Ashutosh Srivastava, the former CEO of GroupM Asia Pacific on X, said he used Google Flash to build an app that was able to transcribe 13 minutes of long audio in 1 minute with high accuracy (and for free). In another application, he says the object detection function also performs well.
It can also be seen from the names of Gemini-1.5-Pro-002 and Gemini-1.5-Flash-002 that this update of Google Gemini is not a major version update, but more of an overall model upgrade.
Some netizens watched Google's update and felt that it was not worth being sniped by OpenAI......
OpenAI's GPT-4o update did not add overly eye-catching features, and it did not even fulfill the feature promise at the May conference (free for all users, as well as real-time inference across audio, video, and text).

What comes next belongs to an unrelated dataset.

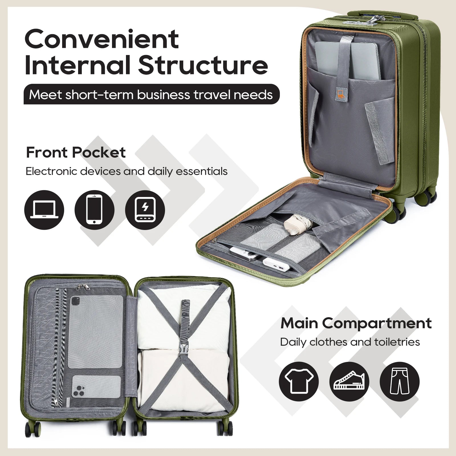 - Glide and access: Front-opening design gives quick access at gate or hotel, while 360° spinner wheels and a full aluminum 3-stage telescopic handle ensure smooth navigation.
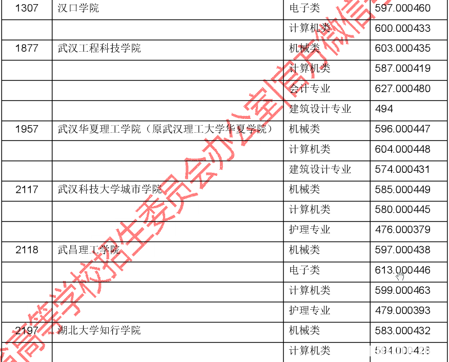 在公布的湖北省2016年普通高校招生技能高考本科录取院校平行志愿投档线中,武昌理工学院投档线分别为:机械类597分,电子类613分,计算机类599分,护理专业479分。各专业类投档线均超过最低投档线数十分,其中电子类投档线更是位居全省同类高校第二位。

Interestingly, Google's Logan Kilpatrick was responsible for the Gemini launch.
Logan Kilpatrick, the former head of developer relations at OpenAI, will switch to Google in 2024.
And turning around, this time Google released a new model, OpenAI released the advanced voice GPT-4o.
The timing of OpenAI's announcement may have another meaning - after foreign media reported that Meta will launch the audio dialogue feature of celebrity tones in Meta AI this week.
The market competition is still in full swing, and this kind of sniping is not going to become a daily routine - there is a certain Apple that continues to be hard and hard, and then OpenAI continues to hardcore Google.
The good thing is, regardless of the competition, technology does drive technology.
In the future, our interaction with AI will no longer be limited to voice, but also include more complex functional applications such as video and screen sharing, and they will even become our ideal AI assistants.